▸ What is needed
Without any images, output the records below verbatim.

BEGIN Records for the task

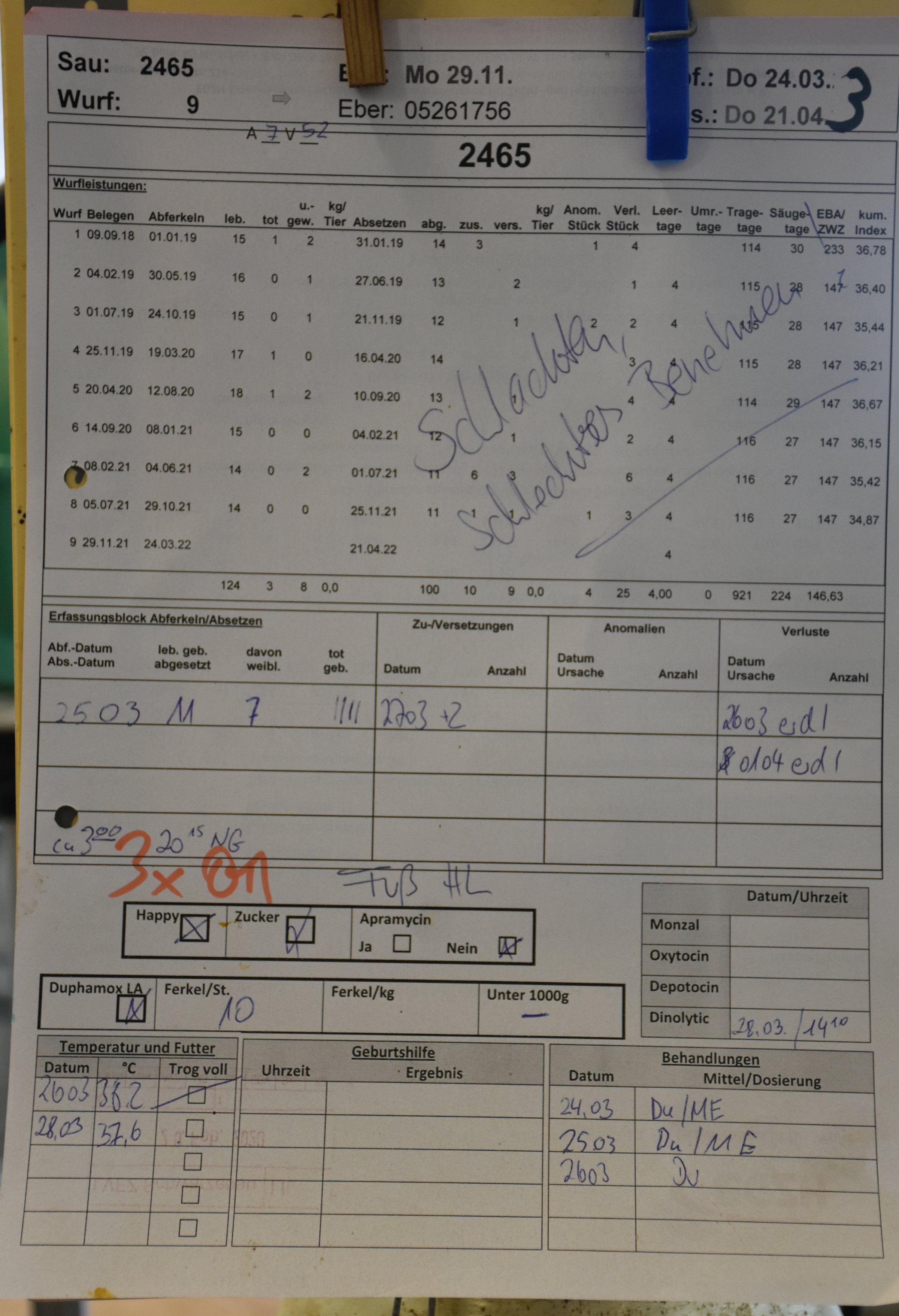 Darüber hinaus können Informationen bezüglich der Ferkelverluste und Aufzuchtleistungen als Hilfe beim Versetzen von Ferkeln dienen. Eine Sauenkarte ist wie der Personalausweis der Sau und sollte immer im Abferkelstall dabei sein (Abb. 9 und 10). Wer einen speziellen Überblick über die Muttereigenschaften der Sau bekommen möchte, kann z. B. eine sogenannte „Mütterlichkeitskarte“ (Video 5) erstellen. Anhand derer kann ein Mütterlichkeitsindex errechnet werden (kostenloses Programm), der hilft, Saugferkelverluste durch gezielte Selektion auf gute Muttereigenschaften zu reduzieren.
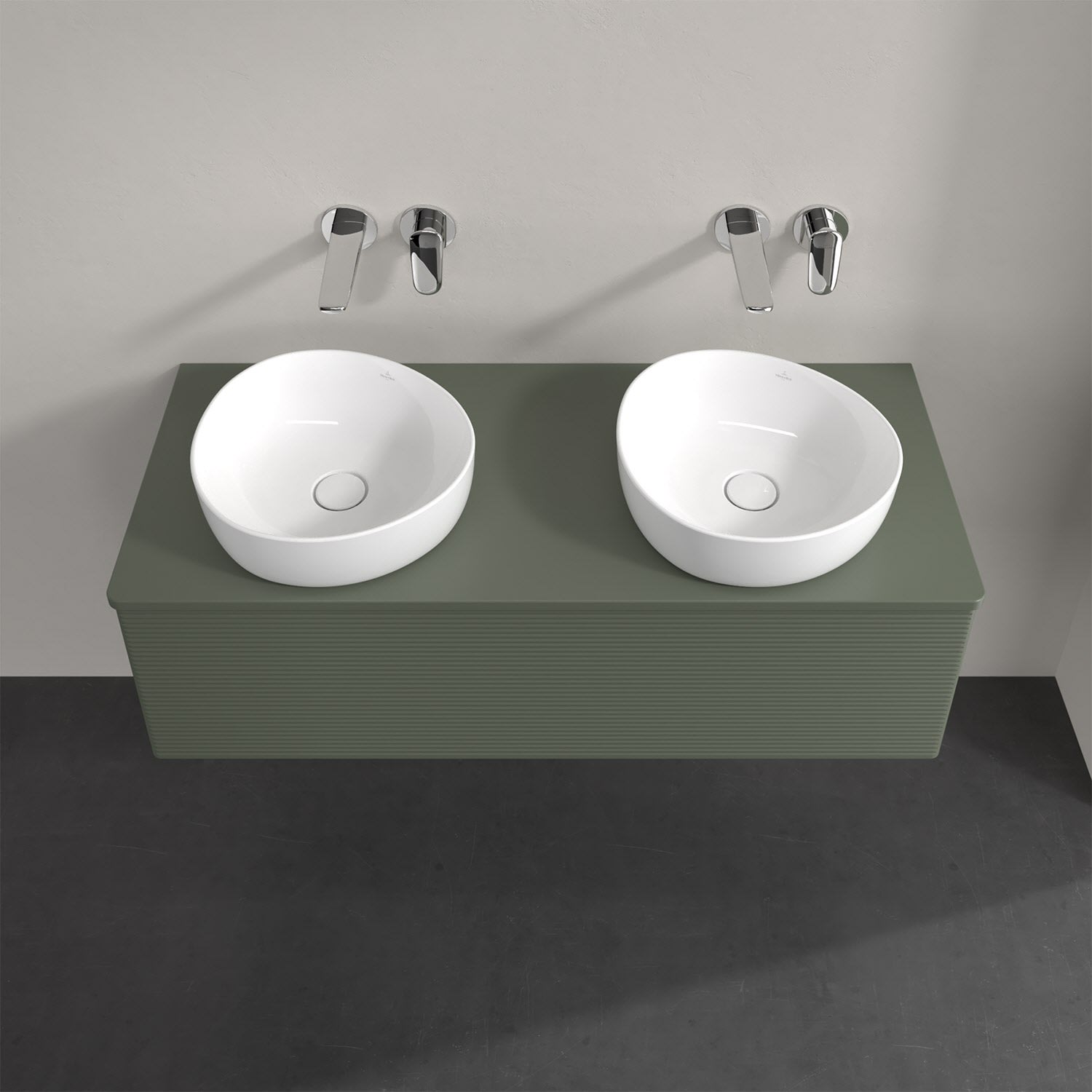 Der wandhängende Antao Waschtischunterschrank von Villeroy & Boch bietet nicht nur jede Menge Stauraum – er ist dank seines naturinspirierten Designs mit seinen abgerundeten Kanten auch noch besonders stilvoll und schafft eine gemütliche Atmosphäre im Badezimmer. Kombiniert mit zwei passenden Aufsatzwaschtischen also die ideale Wahl. Ein extra hoher Auszug bietet viel Platz, um alles Notwendige zu verstauen und Ordnung zu halten. Öffnen lässt er sich durch leichten Druck auf die strukturierte Front. Dabei aktiviert sich übrigens die Auszugsbeleuchtung in angenehmem Warmweiß. Dank Vollauszug hat man immer alles im Blick und der Antirutschboden verhindert ein Umfallen oder Verrutschen der Gegenstände. Einfach clever! Für eine besonders leichte Pflege sorgt die mehrschichtig deckend lackierte Oberfläche.
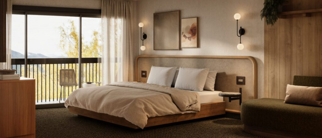 The Kenrick blends contemporary comfort with rugged alpine charm, offering spacious rooms and suites with premium bedding, air conditioning, free high-speed Wi-Fi, 65-inch Smart TVs, mini fridges and some rooms with balconies and mountain views.
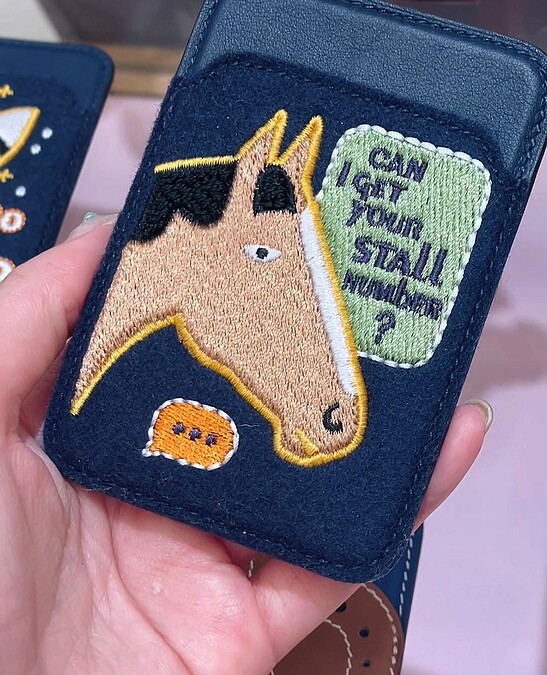 愛馬仕推出一系列由小牛皮佐上羊毛刺繡的MagSafe卡夾,以俏皮的方式融合馬術元素,化為手機配件陪伴大家的日常!另外也有充電座、耳機保護殼等3C用品的週邊。
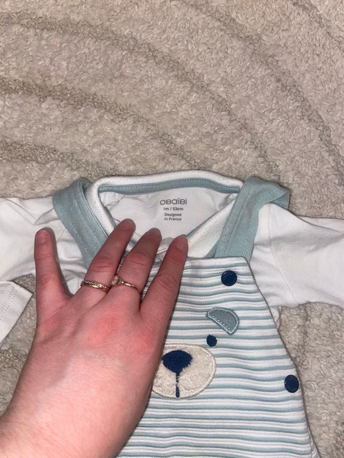 Ensemble obaïbi, taille 1 mois, Très peut porter, Prix d’achat 30 euros.
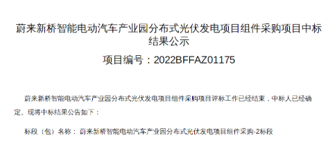 2022年7月,位于合肥新桥智能电动汽车产业园蔚来厂区内,要建设装机容量约为47.0475MW。拟利用蔚来汽车厂区内6个屋顶(总装车间、冲焊联合厂房、电驱电控车间、智慧物流库1#-3#厂房),以及停车场光伏大棚区域作为光伏场地。合同估算价:5103.72万元。
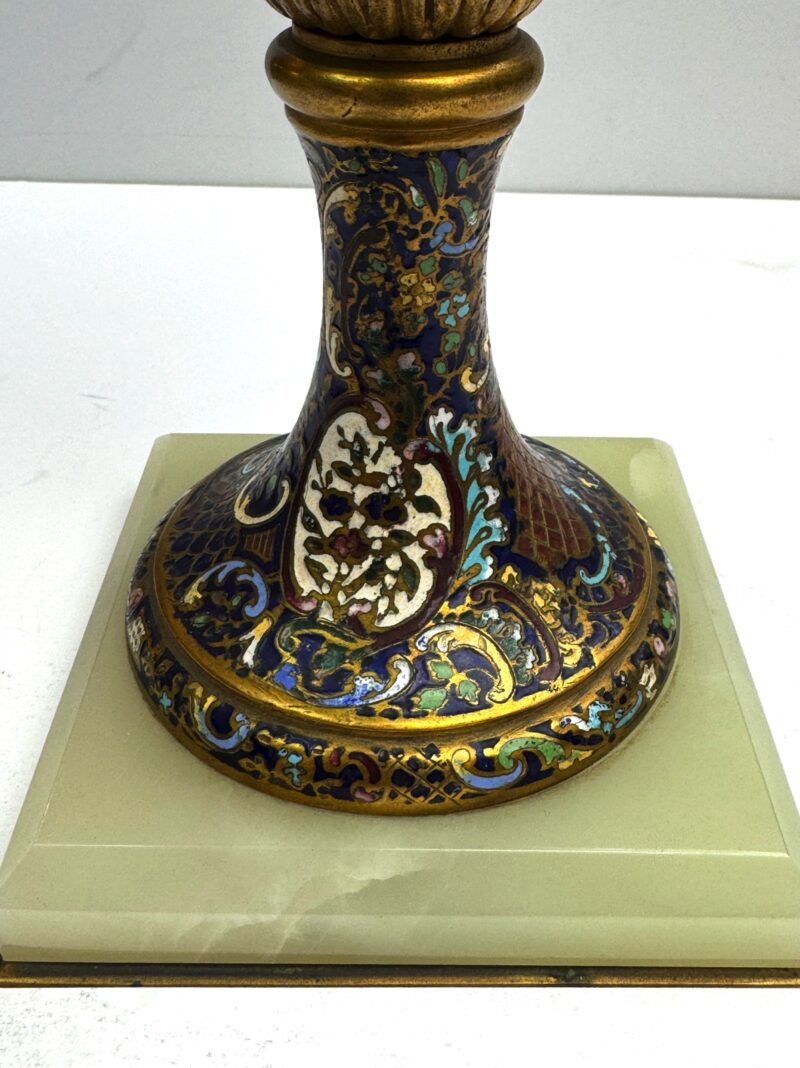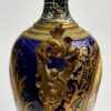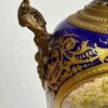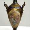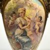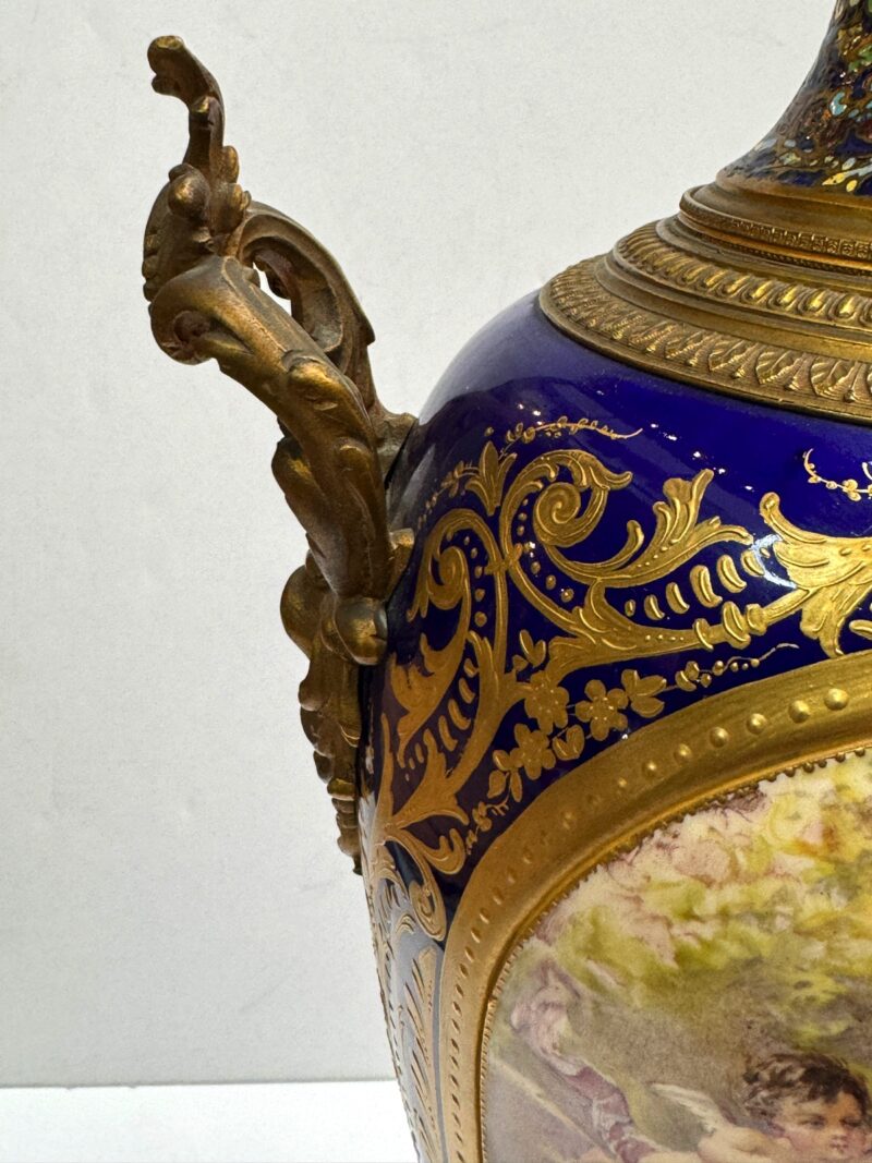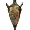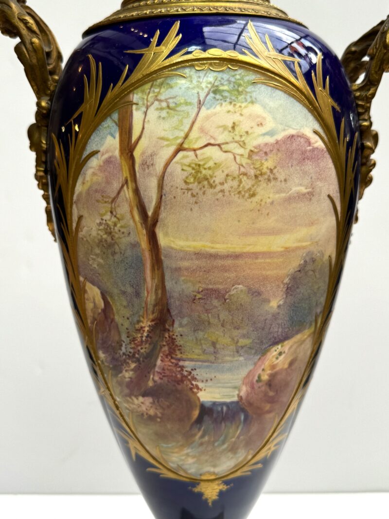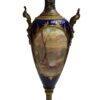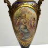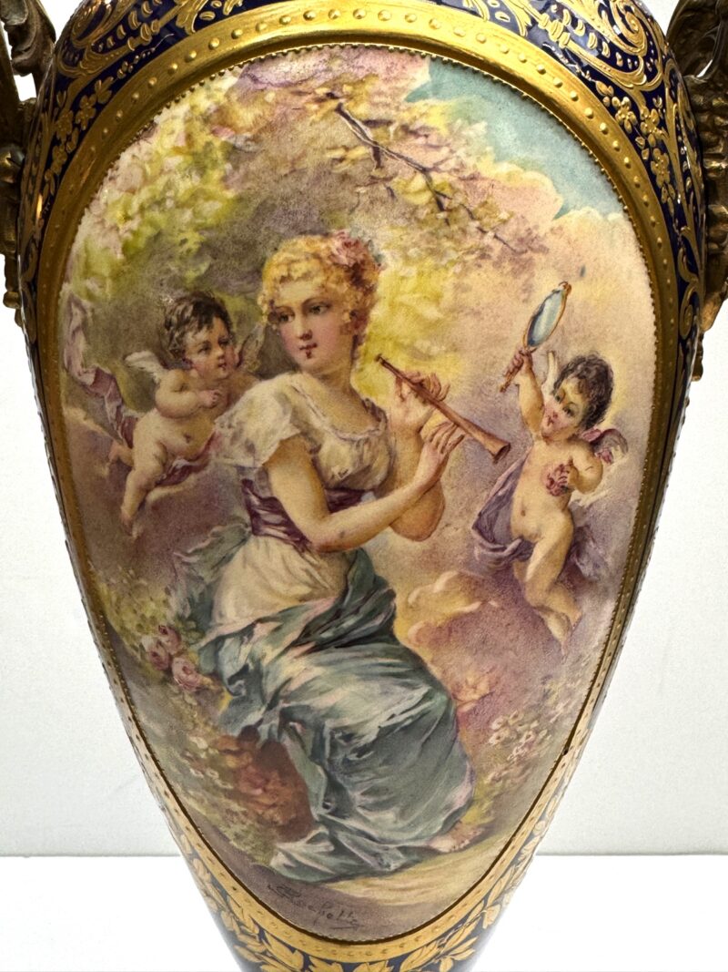A beautiful French Sevrés porcelain vase with hand painted oval of a woman playing a flute with winged cherubs flying around her.  The scene is signed “Rochette”.  The back is a hand painted oval landscape.  The body in cobalt blue with bronze hardware and a champleve enamelled trumpet neck and foot with a green onyx square base.
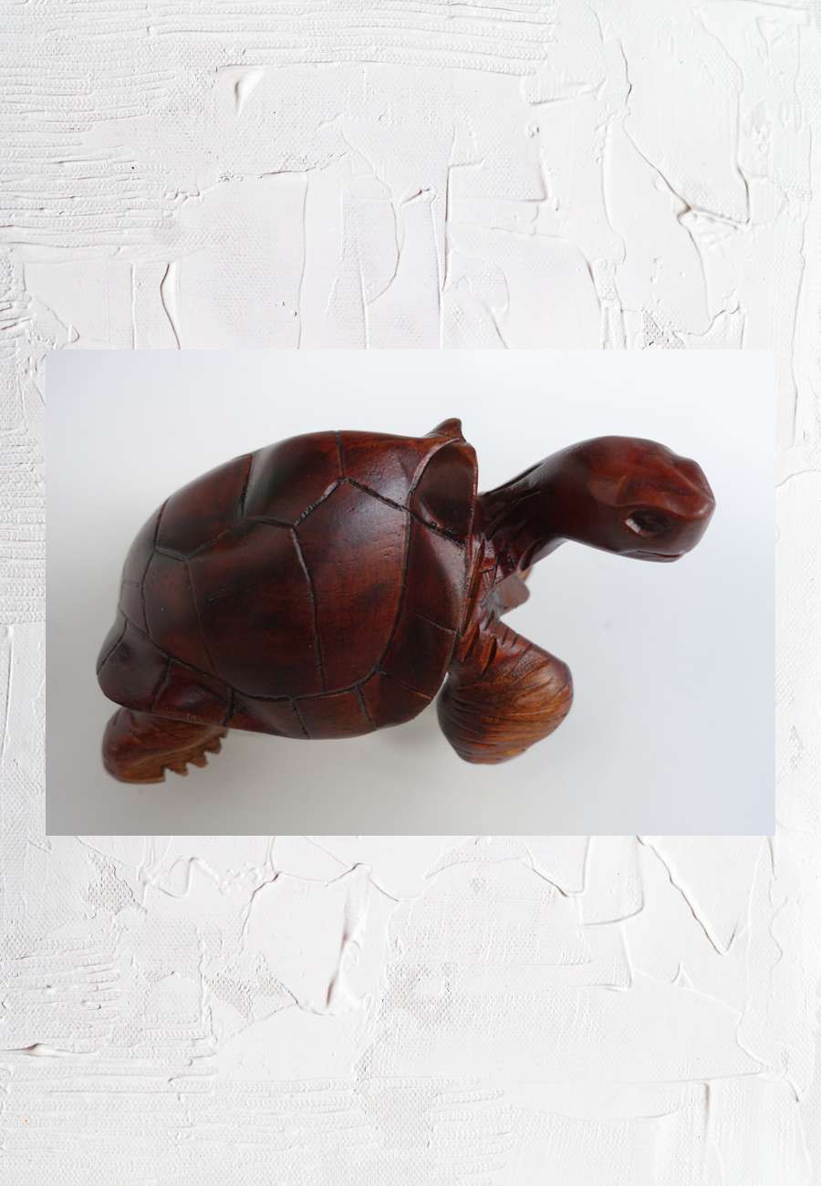 Motiv ist eine Riesenschildkröte, mitgebracht aus Puerto Ayora (Insel Santa Cruz), Tropenholz, handgeschnitzt, Größe 14 cm. Die charakteristischsten Tiere des Archipels sind die bis zu 250 kg schweren Schildkröten, deren Panzerform zum Teil an einen Sattel erinnert. Das spanische Wort für Sattel lautet Galapago - so kamen die Inseln zu ihrem Namen. Am Rand des Städtchens befindet sich die
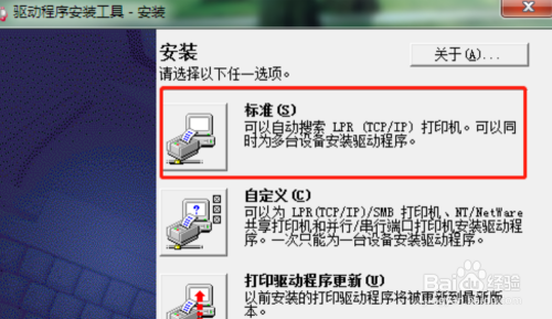 驱动下载完成后双击安装,点击”Accept“,出现选择安装驱动的页面,点击”标准“。

END Records for the task

▸ Response
 Darüber hinaus können Informationen bezüglich der Ferkelverluste und Aufzuchtleistungen als Hilfe beim Versetzen von Ferkeln dienen. Eine Sauenkarte ist wie der Personalausweis der Sau und sollte immer im Abferkelstall dabei sein (Abb. 9 und 10). Wer einen speziellen Überblick über die Muttereigenschaften der Sau bekommen möchte, kann z. B. eine sogenannte „Mütterlichkeitskarte“ (Video 5) erstellen. Anhand derer kann ein Mütterlichkeitsindex errechnet werden (kostenloses Programm), der hilft, Saugferkelverluste durch gezielte Selektion auf gute Muttereigenschaften zu reduzieren.
 Der wandhängende Antao Waschtischunterschrank von Villeroy & Boch bietet nicht nur jede Menge Stauraum – er ist dank seines naturinspirierten Designs mit seinen abgerundeten Kanten auch noch besonders stilvoll und schafft eine gemütliche Atmosphäre im Badezimmer. Kombiniert mit zwei passenden Aufsatzwaschtischen also die ideale Wahl. Ein extra hoher Auszug bietet viel Platz, um alles Notwendige zu verstauen und Ordnung zu halten. Öffnen lässt er sich durch leichten Druck auf die strukturierte Front. Dabei aktiviert sich übrigens die Auszugsbeleuchtung in angenehmem Warmweiß. Dank Vollauszug hat man immer alles im Blick und der Antirutschboden verhindert ein Umfallen oder Verrutschen der Gegenstände. Einfach clever! Für eine besonders leichte Pflege sorgt die mehrschichtig deckend lackierte Oberfläche.
 The Kenrick blends contemporary comfort with rugged alpine charm, offering spacious rooms and suites with premium bedding, air conditioning, free high-speed Wi-Fi, 65-inch Smart TVs, mini fridges and some rooms with balconies and mountain views.
 愛馬仕推出一系列由小牛皮佐上羊毛刺繡的MagSafe卡夾,以俏皮的方式融合馬術元素,化為手機配件陪伴大家的日常!另外也有充電座、耳機保護殼等3C用品的週邊。
 Ensemble obaïbi, taille 1 mois, Très peut porter, Prix d’achat 30 euros.
 2022年7月,位于合肥新桥智能电动汽车产业园蔚来厂区内,要建设装机容量约为47.0475MW。拟利用蔚来汽车厂区内6个屋顶(总装车间、冲焊联合厂房、电驱电控车间、智慧物流库1#-3#厂房),以及停车场光伏大棚区域作为光伏场地。合同估算价:5103.72万元。
A beautiful French Sevrés porcelain vase with hand painted oval of a woman playing a flute with winged cherubs flying around her.  The scene is signed “Rochette”.  The back is a hand painted oval landscape.  The body in cobalt blue with bronze hardware and a champleve enamelled trumpet neck and foot with a green onyx square base.
 Motiv ist eine Riesenschildkröte, mitgebracht aus Puerto Ayora (Insel Santa Cruz), Tropenholz, handgeschnitzt, Größe 14 cm. Die charakteristischsten Tiere des Archipels sind die bis zu 250 kg schweren Schildkröten, deren Panzerform zum Teil an einen Sattel erinnert. Das spanische Wort für Sattel lautet Galapago - so kamen die Inseln zu ihrem Namen. Am Rand des Städtchens befindet sich die
 驱动下载完成后双击安装,点击”Accept“,出现选择安装驱动的页面,点击”标准“。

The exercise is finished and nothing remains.